RECORDS FOR THIS TASK:
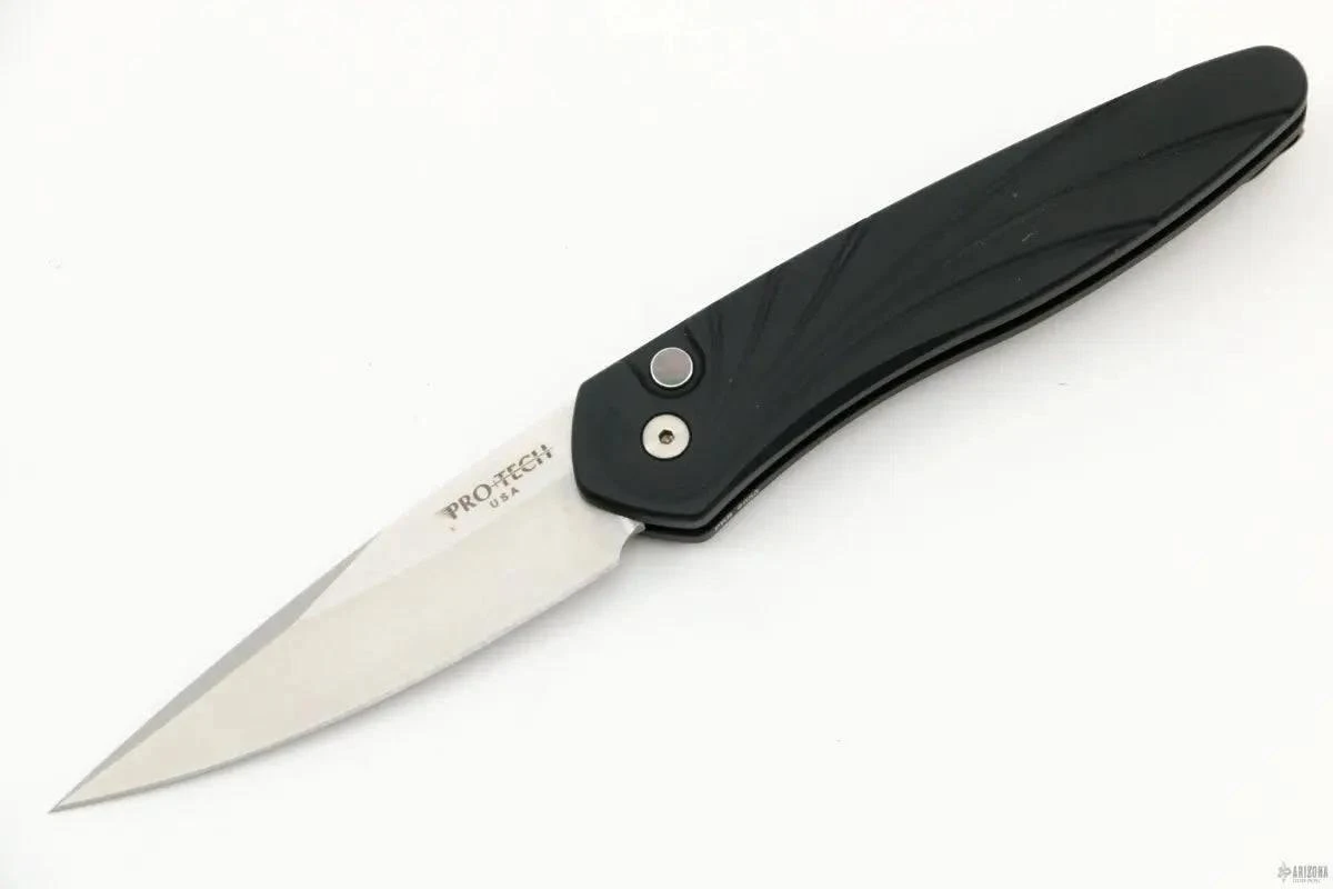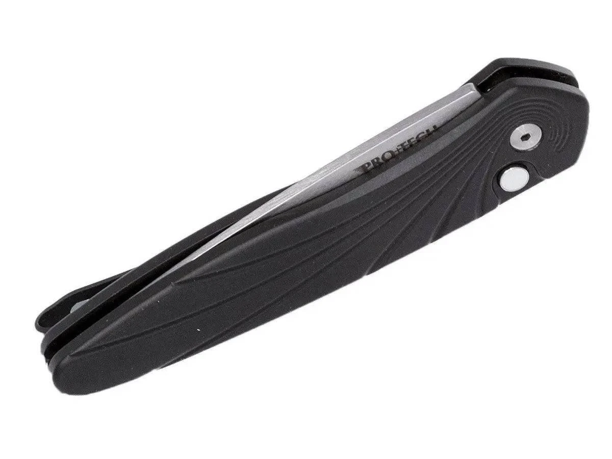 Pro-Tech Newport Black 3D Wave Handle Stonewash Blade Pearl Button 3436
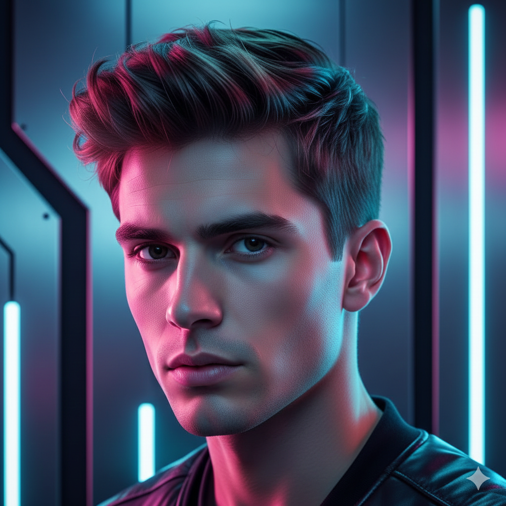 A boy with stylish hair, subtle neon reflections, futuristic cyber lighting, clean metallic background, sharp jawline, high-definition detail, smooth color gradients, sci-fi inspired portrait photography.
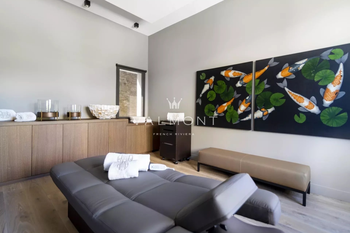 LA CROIX VALMER: Située à 15 minutes de Saint Tropez, au sein d'un domaine privé à l'abri de tous les regards, cette villa familiale offre un comfort supreme ainsi que des services dignes de plus grands palaces. Cette demeure d'exception d'environ 1000 m2 habitables profite également de 8000 m2 de jardin complanté ainsi que d'une belle vue mer. Les spacieux intérieurs, soigneusement décorés procurent le sentiment d'apaisement et de bien être. 11 chambres en suite dont 3 suites parentales sont à la disposition des occupants. Dans l'espace de detente on trouve une salle de sport, une magnifique piscine avec son pool house et le jacuzzi. Nombreuses terrasses permettent de profiter pleinement d'un cadre exceptionnel promettant des vacances inoubliables.
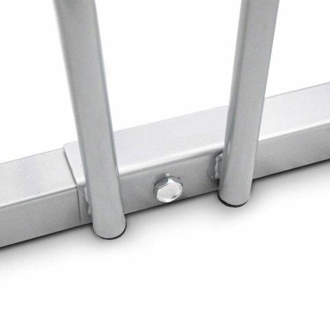 Metalowy stojak na rowery nada się zarówno pod daszek jak i na otwartą przestrzeń, jest wykonany z dobrej jakości metalu, dzięki czemu jest on odporny na warunki atmosferyczne. Wyposażony w otwory ma możliwość stabilizacji do podłoża. Stojak serwisowy nada się do rowerów, które mają szerokość opon od 35 do 60 mm, jest to standardowa szerokość opony dla rowerów, więc praktycznie dopasowany jest pod wszystkie pojazdy jednośladowe.
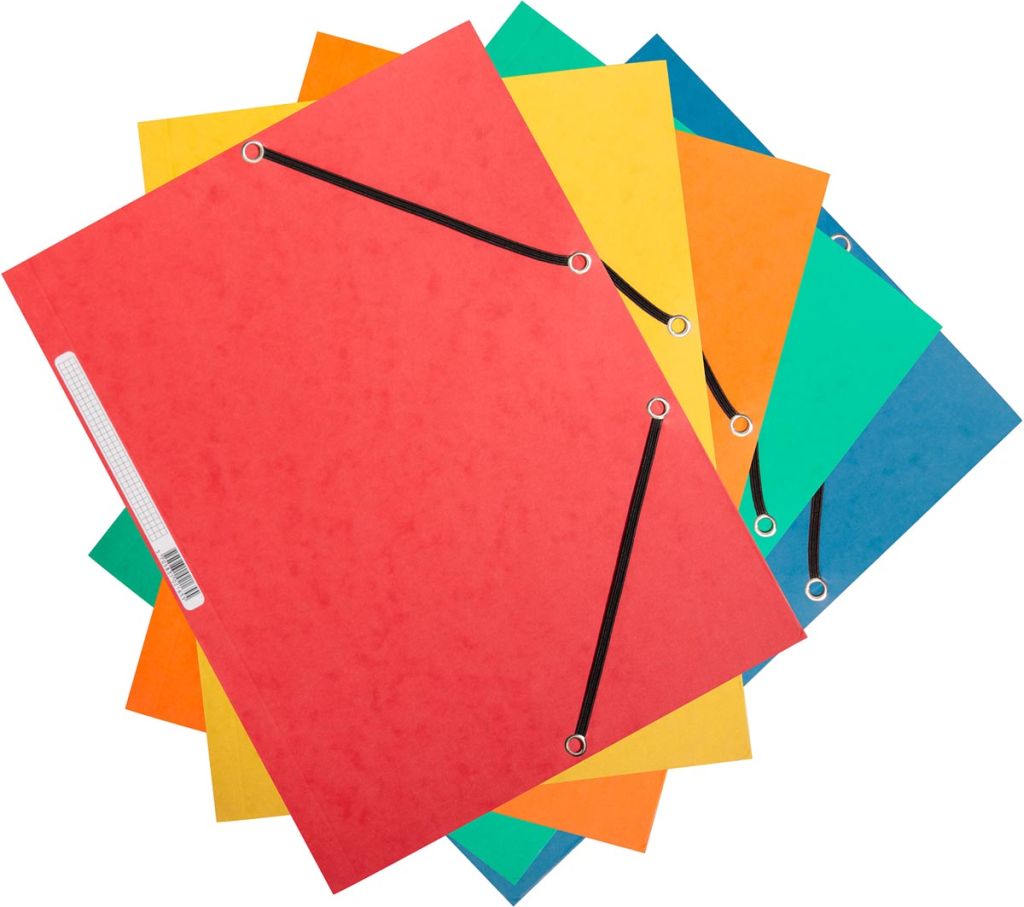 - Voor ft A4 (24,3 x 32 cm) Uit manilla karton van 375 g/m² Met 3 kleppen en elastosluiting Met rugetiket Capaciteit: 200 vel Certificaat FSC pak van 10 stuks, geassorteerde kleuren
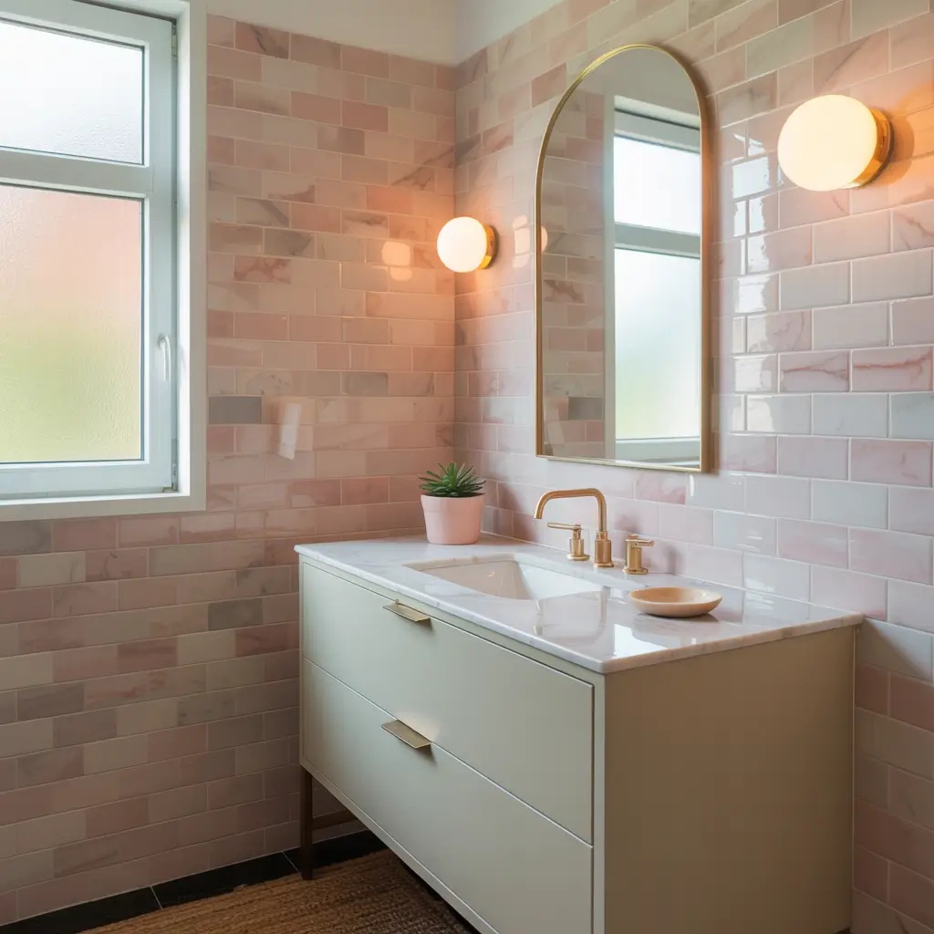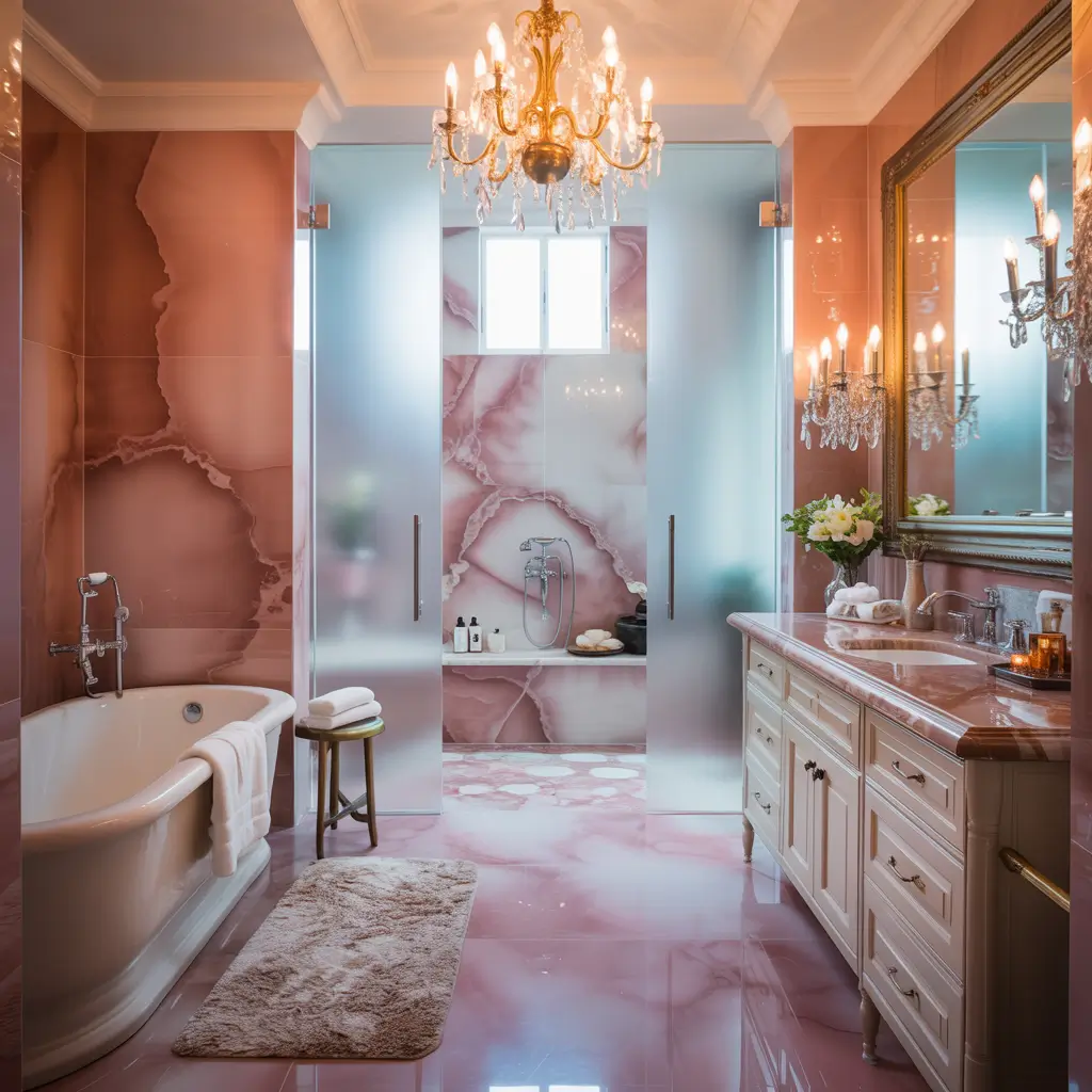 Want to make a statement? Pink marble floors with contrasting walls create incredible impact. I did this in my master bathroom with soft pink marble floors and crisp white walls, and the combination feels both fresh and luxurious.
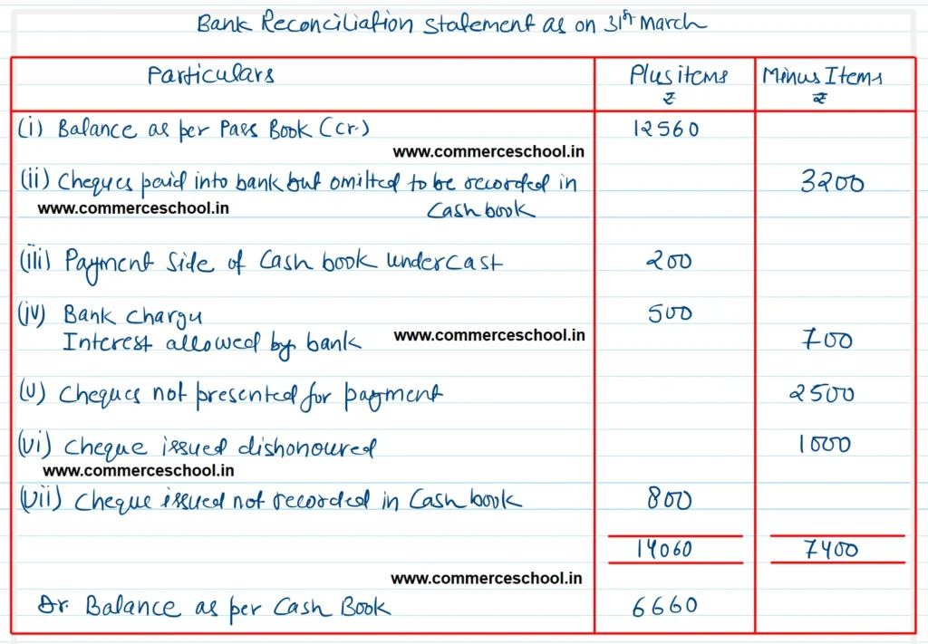 (i) Pass book showed a credit balance of ₹ 12,560.
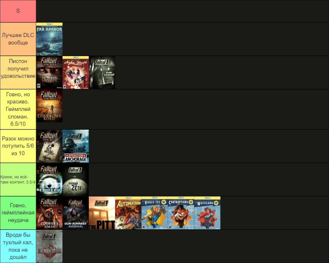 Фаллаут тиерлист. Да, я считаю четвёрку лучшим фаллаутом если из неё модами удалить говно или не трогать кринжовые аспекты игры. Она самая техничная и геймплейно приятная.
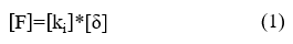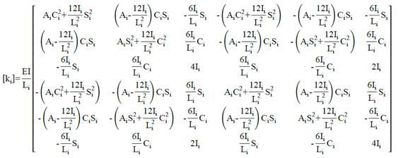 The prototype was assembled using tubular sections of 101 mm (4 in.) diameter with 4 mm (3/16 in.) thickness; the flanges were 175 mm (6 7/8 in.) in diameter and 10 mm (3/8 in.) thick; the gussets were triangular, with a 35 mm (1 3/8 in.) base, 101 mm (4 in.) height and 6 mm (1/4 in.) thickness in the upper section and 8 mm (5/16 in.) in the lower section. The prototype was 2 meters tall. Fig. 2 shows the elements and nodes used. Each node had 3 degrees of freedom: displacement in the X axis (δXi), displacement in the Y axis (δYi) and rotation in the Z axis (θi), with force applied at node 12 (F=2533.4 N). Each element had its equivalent stiffness (ki), with the result that the equilibrium could be described using eq. (1):
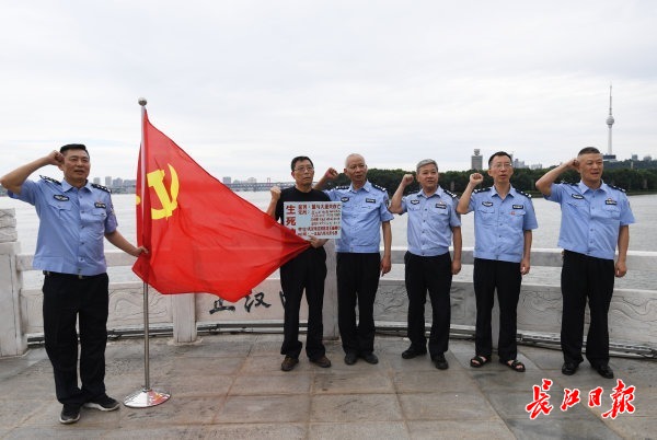 “誓与大堤共存亡!”22年前,16位抗洪英雄在龙王庙闸口签下“生死牌”,为护住一城安澜,誓与大堤共存亡。22年后,来自武汉市公安局江汉分局的6位抗洪英雄,再次来到龙王庙,面对长江举起右手再次宣誓。“守住堤就是守住家。”当年负责封堵闸口的江汉区水政监察大队李萍观察着江面,坚定地说,“请市民放心,我们有信心战胜洪水。”

PROBLEM DETAILS: Would you transcribe the lines above exactly, going from the line bearing "Want to make" through the line bearing "Фаллаут тиерлист. Да, я", and drop the pictures from the copy?

WRITTEN SOLUTION:
 Want to make a statement? Pink marble floors with contrasting walls create incredible impact. I did this in my master bathroom with soft pink marble floors and crisp white walls, and the combination feels both fresh and luxurious.
 (i) Pass book showed a credit balance of ₹ 12,560.
 Фаллаут тиерлист. Да, я считаю четвёрку лучшим фаллаутом если из неё модами удалить говно или не трогать кринжовые аспекты игры. Она самая техничная и геймплейно приятная.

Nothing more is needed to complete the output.